For me too there is a feeling of poetry... but for me it's more the nails-on-blackboard grating of awful poetry, and the ice-pick-to-ears screeching of abrading subway wheels. 🙂
Lisps merely inspire me towards elegant craftsmanship. But Haskell tempts me to dream of more. It's my fault, but ouch.
Dreams of math made manifest. Of materializing a lattice of theories, each with types and operators and laws, simply extensible and composable - a push-out lattice. Dreams of programming that's more math than plumbing. And maybe someday, some future Haskell Next will permit that flight, that dance. But that's not Haskell.

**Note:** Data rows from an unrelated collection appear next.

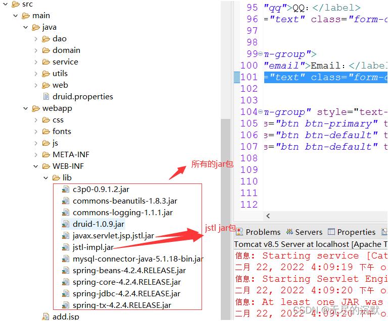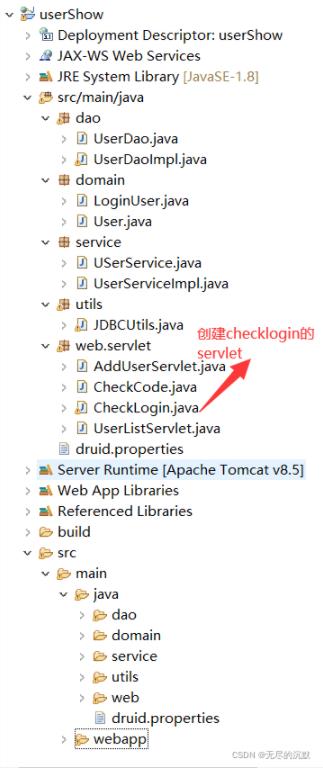 package domain;?public class LoginUser {?? ?private int id;?? ?private String userName;?? ?private String password;?? ?public int getId() {?? ??? ?return id;?? ?}?? ?public void setId(int id) {?? ??? ?this.id = id;?? ?}?? ?public String ?getUserName() {?? ??? ?return userName;?? ?}?? ?public void setUserName(String userName) {?? ??? ?this.userName = userName;?? ?}?? ?public String getPassword() {?? ??? ?return password;?? ?}?? ?public void setPassword(String password) {?? ??? ?this.password = password;?? ?}?? ?@Override?? ?public String toString() {?? ??? ?return "LoginUser [id=" + id + ", userName=" + userName + ", password=" + password + "]";?? ?}}5.寫utils包下的工具類JDBCUtils ,主要是與mysql數(shù)據(jù)庫連接,創(chuàng)建數(shù)據(jù)庫連接池對象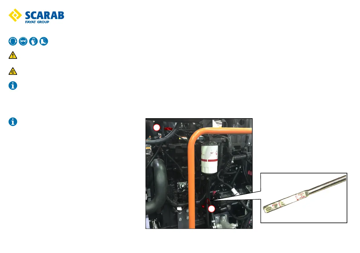 Ensure that the sweeper is on a flat and level surface with the auxiliary engine stopped for a suitable period, to allow the oil to return to the sump.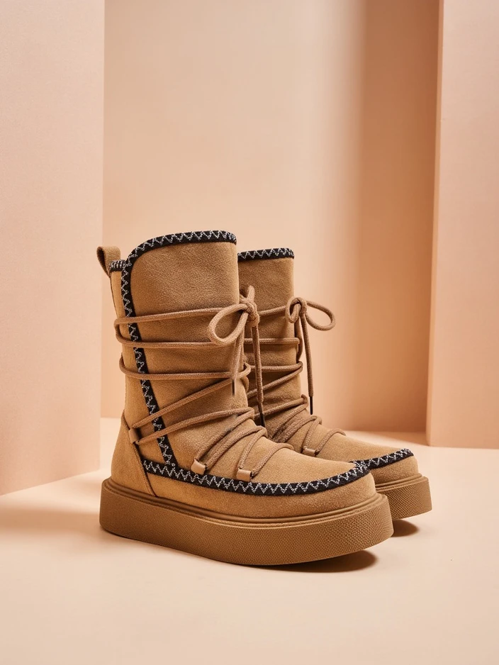 - Жіночі зимові черевики з халявою з замшевої еко-шкіри. Всередині м'яка ізоляція, а взуття на шнурках. Ідеально підходять для зими!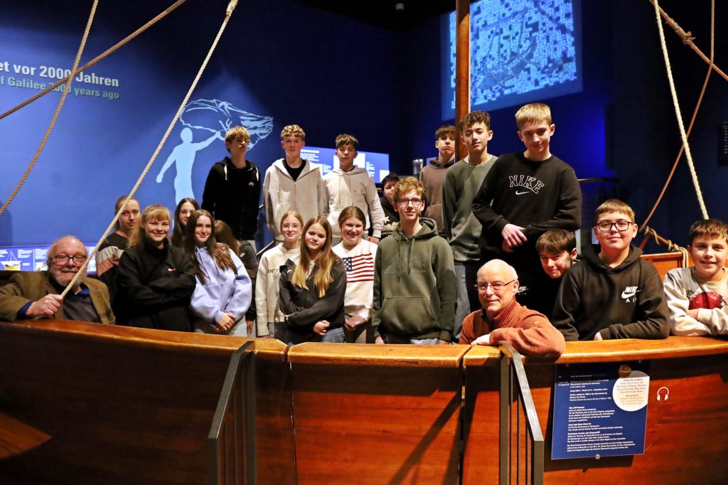 In der Mittagspause durften die Jugendlichen über den Frankfurter Weihnachtsmarkt an Römer und Paulskirche schlendern, bevor ein weiteres Erlebnismuseum auf sie wartete. Das Bibelhaus ErlebnisMuseum befindet sich in einer ehemaligen Kirche nahe dem Frankfurter Museumsufer. Es zeigt die Überlieferung, Lebenswelt und aktuelle Bedeutung der Bibel mit archäologischen Funden, thematischen Inszenierungen und vielen Mitmach-Elementen. Die Jugendlichen waren Gäste und Gastgeber im Zelt bei Nomaden zu Zeiten Abrahams. Sie erlebten, welche Bedeutung die sozialen und familiären Strukturen damals hatten und wie eine biblische Geschichte weitergegeben wurde, lange bevor sie aufgeschrieben wurde. Danach lernten die Konfirmandinnen und Konfirmanden anhand von Fundstücken aus der Zeit Jesu etwas über die Lebenswirklichkeit in Judäa vor 2000 Jahren. Zum Abschluss spielten die Jugendlichen die biblische Geschichte von „Jesus und der Sturm“ in einer Nachbildung eines ca. 2000 Jahre alten Fischerbootes, das am See Genezareth gefunden wurde, nach. In der Geschichte ist Jesus mit seinen Jüngern auf dem See in einem Boot unterwegs, als ein heftiger Sturm aufkommt, die Jünger in Panik geraten, Jesus aber erwacht und den Sturm mit einem Wort beruhigt. Das Ende eines anstrengenden, aber sehr lehrreichen Tages, in denen die Jugendlichen in andere Lebenswelten eintauchen konnten.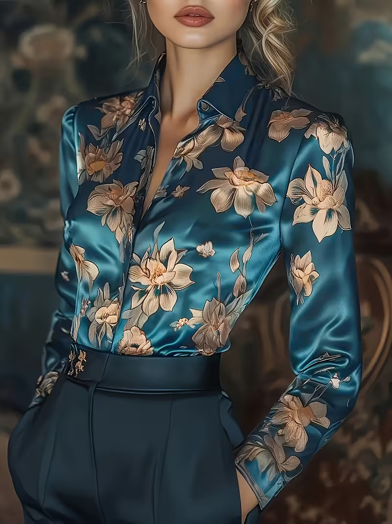 Damen Geblümt Schalkragen Langarm Bluse Lässig Täglich Frühling/Herbst Oberteile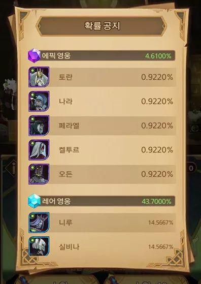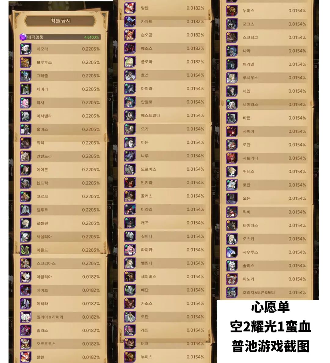 以当心清单放满的时候,对于普抽精英英雄机率总共是4.61%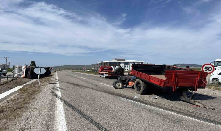 Balıkesir’in Gönen ilçesinde süt tankeri ve traktör çapıştı. Kazada 2 kişi yaralandı.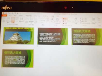 今日は、大阪城について調べ、歴史の学習の復習もかねてパワーポイントにまとめました。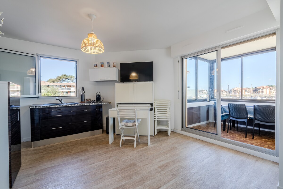 Appart / studio útulná / průmyslová atmosféra s nádherným výhledem na přístav Capbreton. Svede vás druhým patrem, rozloženým pod krokvemi, včetně 5 skutečných lůžek. Nachází se v blízkosti Hossegor a Capbreton, je ideální základnou pro objevování regionu, surfařských míst, krásných pláží v regionu Landes nebo jen příjemný večer na terase.
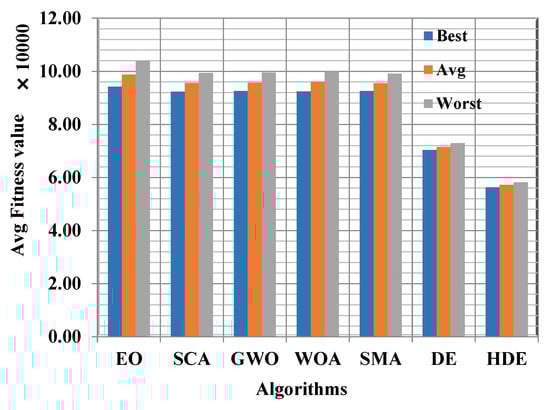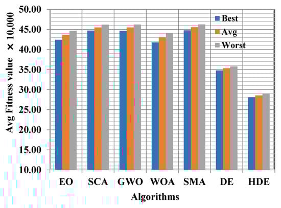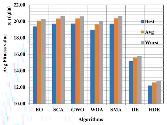 Due to the fact that meta-heuristic algorithms are stochastic optimization techniques, they require at least 10 separate runs to produce statistically significant results. In this study, each algorithm was run roughly thirty times independently, and the average results of each algorithm are reported. In Table A1 are shown the metrics of the best fitness values for each algorithm in the last iteration over all independent runs. These metrics include the mean, best, and worst values, as well as the standard deviation (SD). The top results in this table are highlighted in bold. This table demonstrates that HDE is comparable to DE and superior to all other algorithms for the 100-task size. With growing task sizes, HDE’s superiority becomes more apparent, and it may be the best option for any tasks with lengths more than 100. Additionally, to further show the efficiency of HDE, the average of the best, worst, and mean fitness values obtained for all the tasks sizes were computed and are presented in Figure 4, which affirms that HDE was the best for all shown metrics. Figure 5 shows the average (Avg) standard deviation (SD) obtained by each algorithm on all tasks sizes. Inspecting this figure shows that HDE was more stable than the other algorithms. After discussing the effectiveness of HDE in terms of the fitness value, we will move on to discuss its capacity to reduce the makespan in the next paragraph.

Someone I know, will pull up the deep math of a problem domain, model it in Coq, and mentally compile it to Haskell, extending GHC internals as needed to better serve as compiler target. For a wetware compiler that gets only very limited support from current tooling. I can't do that. Not even close. I need a language and tooling that's on the same page as me, to serve as an extended self. And for this, that's not Haskell.

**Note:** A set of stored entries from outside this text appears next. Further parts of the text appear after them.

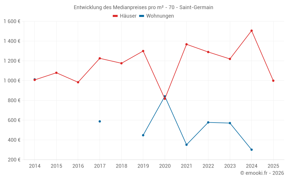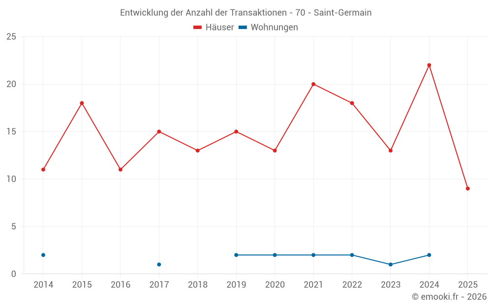 Der Durchschnittspreis auf den 23 Hausgeschäften der letzten 12 Monate in der Gemeinde Saint-Germain betrug 1 483 € pro Quadratmeter für einen mittleren Immobilienwert von 137 800 €. Über diesen Zeitraum hinweg lagen 60% der Transaktionen zwischen 844 und 1 832 € pro Quadratmeter (vom 2. bis zum 8. Dezil).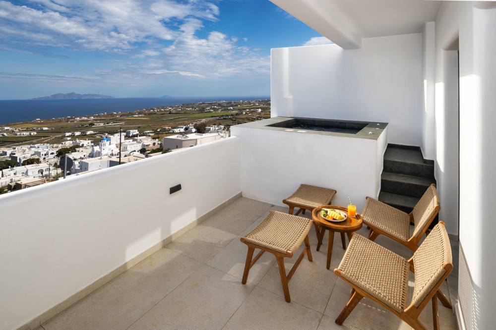A spacious room ideal for couples, with a queen bed, a sofa in the living area and all the comforts that our hotel’s standards offer for all our guests. All Junior Suites with outdoor jacuzzis have furnished balconies with sea views and a private hot tub. The size of the Junior Suites with outdoor jacuzzi is approximately 26 square meters.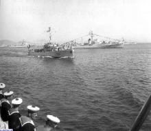Le président D. Dwigh Eisenhower , passa les navires en revue, en remontant les deux files à bord d’un croiseur portant sa marque de commandement. (Photo et commentaire : Jean Salducci)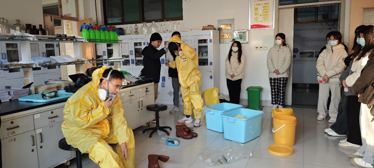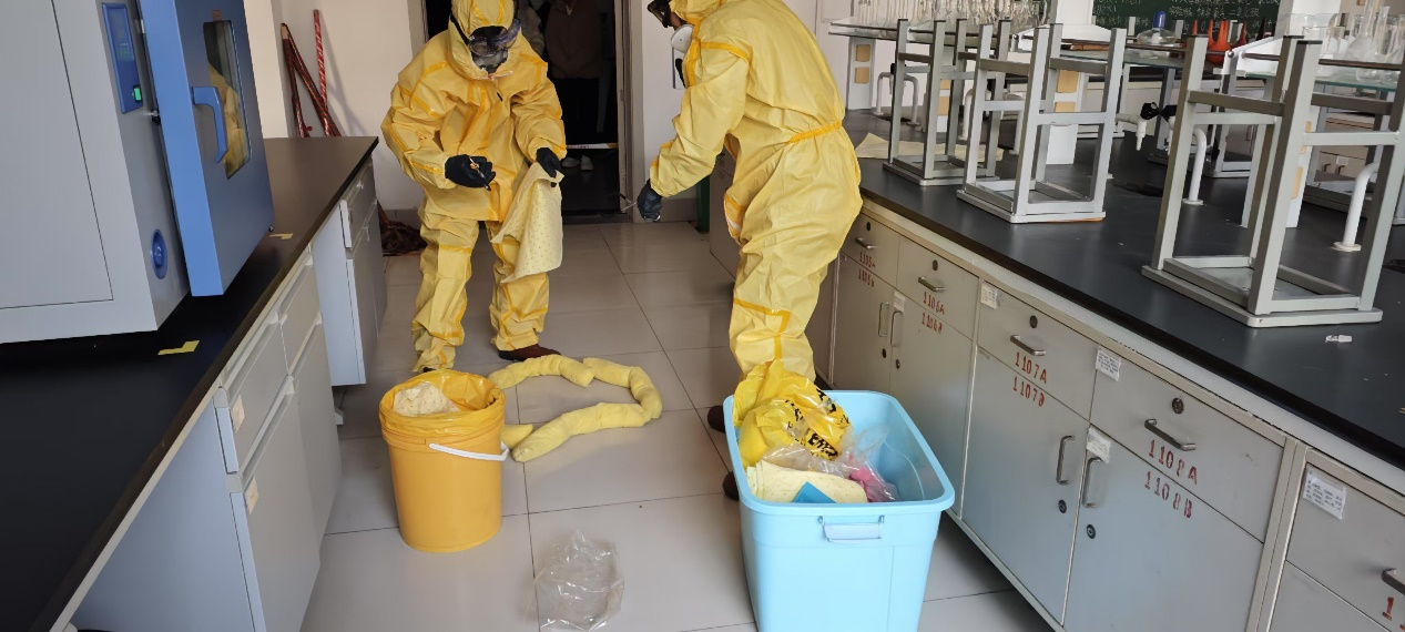 演练模拟了实验室内一位同学在进行实验时不慎将危险化学试剂打翻,导致少量喷溅到实验服上。现场模拟:事故上报、安全疏散、穿戴防护服,以及泄露处置程序多个应急环节。事故发生后任课老师迅速组织大家有序撤离现场,并及时向上级部门逐级上报事故情况,组织人员进行现场处置。在安全疏散环节,演练指导师生如何快速、有序地撤离实验室,避免泄漏对更多人员造成伤害。同时,演练还展示了穿戴防护服的正确方法,确保在处理危险化学品泄漏时,工作人员的安全得到保障。泄露处置程序和方法是本次演练的重点。

Many years back, someone in a conversation suggested a core skill of a professional C++ programmer, was cataloging the things which seem like good ideas, and might even serve well in some other OO language, but which tended to go badly in that era's C++. Along with many baroque workaround to salvage others.

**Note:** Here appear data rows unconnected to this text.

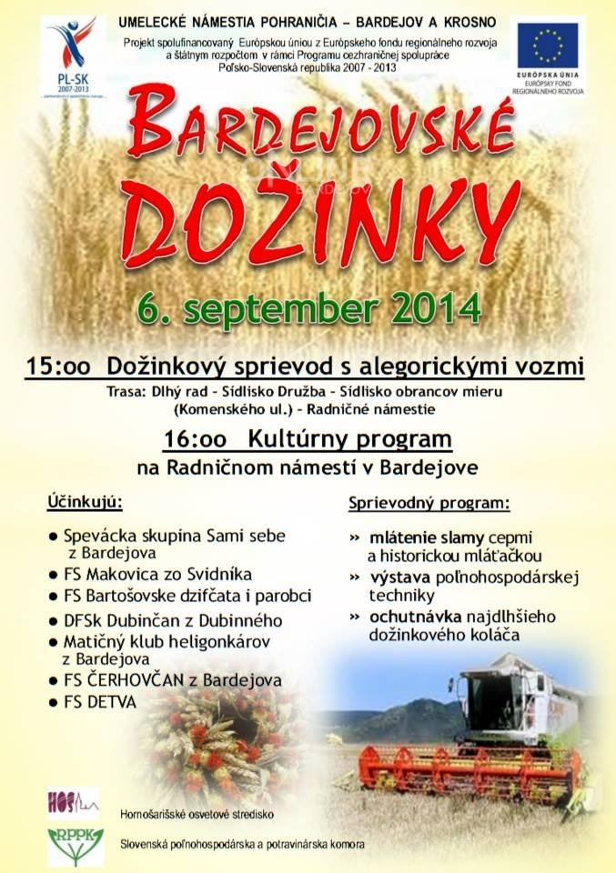V sobotu 6.9.2014 sa v Bardejove uskutočnia bardejovské dožinky - pripravený bude bohatý sprievodný program, uskutoční sa aj sprievod mestom cez Dlhý rad, sídlisko Družba a sídlisko Obrancov mieru na Radničné námestie. Podrobný program sa dozviete tu: http://ahoj.tv/kalendar/detail/158/bardejovske_dozinky.html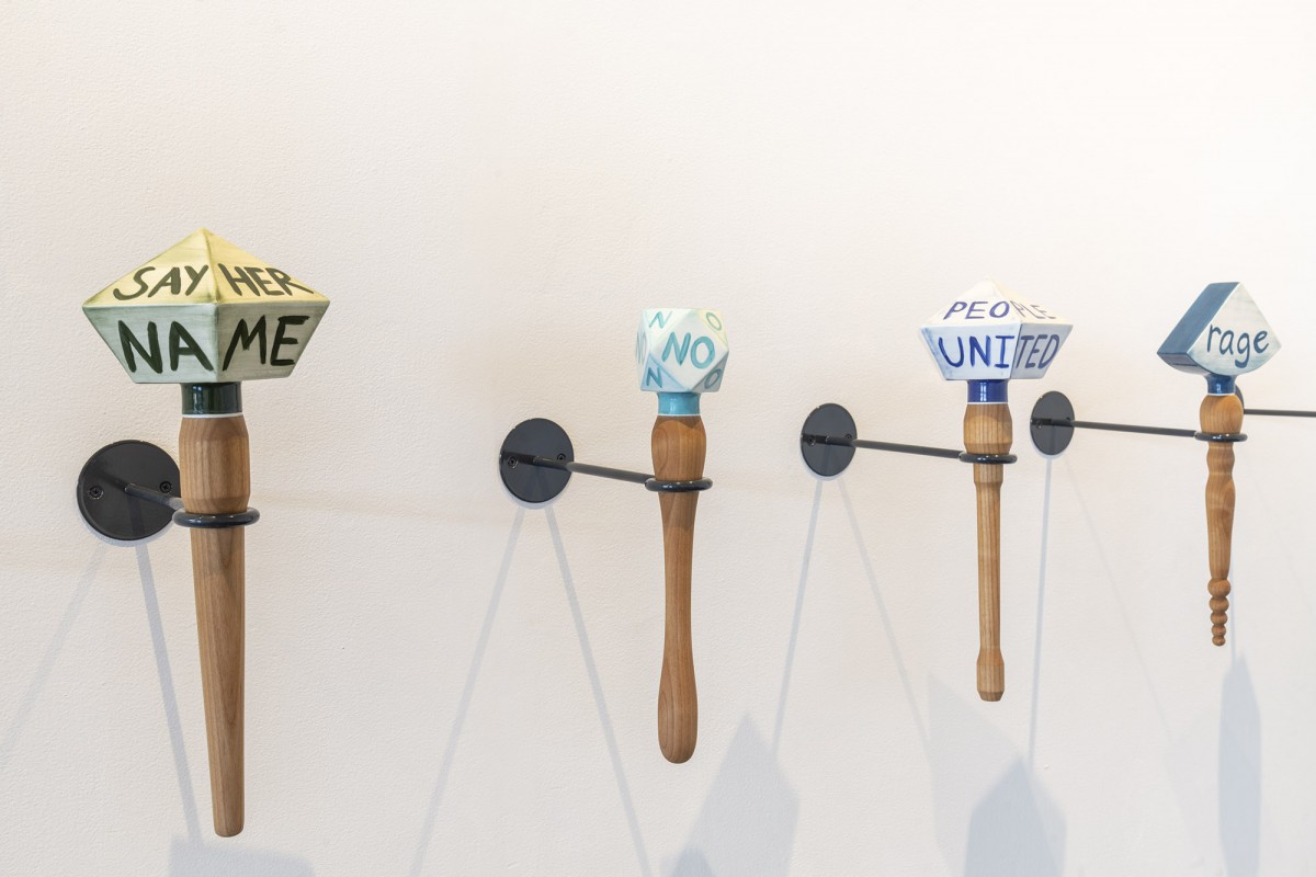 Unidentified Bright Object 11–60 consists of 50 rattles, each made with a distinct turned wood handle and a cast ceramic top containing loose, sound-making material. The ceramic tops are individually adorned with a variety of phrases, such as calls to action (e.g., “Say His Name/Say Her Name”), statements (“Truth”), celebrations of the collective (“People Power”), or onomatopoeia (“SSSSSS”). Viewers may engage with the rattles however they wish, either visually or by touch.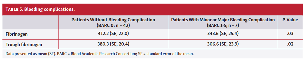In this analysis, we sought to test the hypothesis that USAT would not be associated with hypofibrinogenemia and a corresponding increase in the risk of bleeding complications. Likewise, we sought to compare whether fibrinogen level (above the threshold of hypofibrinogenemia) would be correlated with risk of bleeding complications.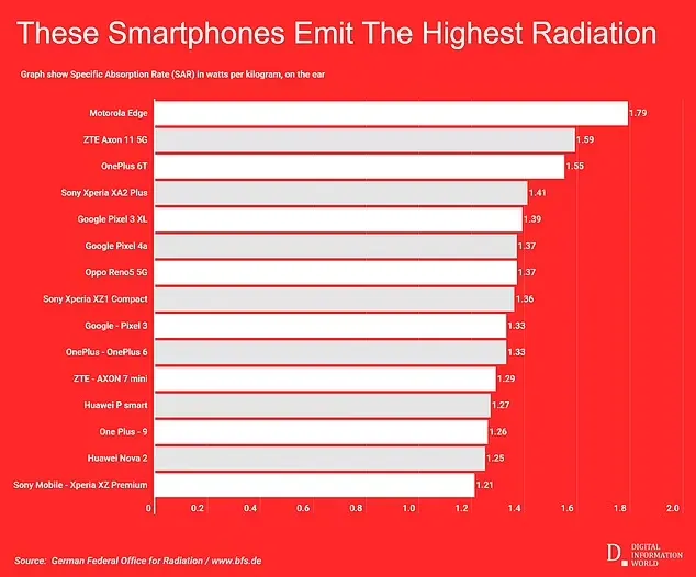 Berikut adalah daftar yang disusun oleh Digital Information World. Kelima model ini memancarkan beberapa radiasi terkuat di pasaran:

Fewer years back, I'd a conversation about using Haskell in education. We talked of alternate preludes to remove historical clutter, and extensions to remove historical limitations. And turned up a fun divergence - he thought of learning Haskell as fairly easy, and I thought of it as ghastly hard. For his default context was programming in the small - vocabulary, functional mindset and such. And mine was... you the start at the other end, with the dream, the no-extraneous-complexity pure essence of what is needed... and now you have to learn the zoo of baroque work arounds, and crippling limitations, by which Haskell fails the dream.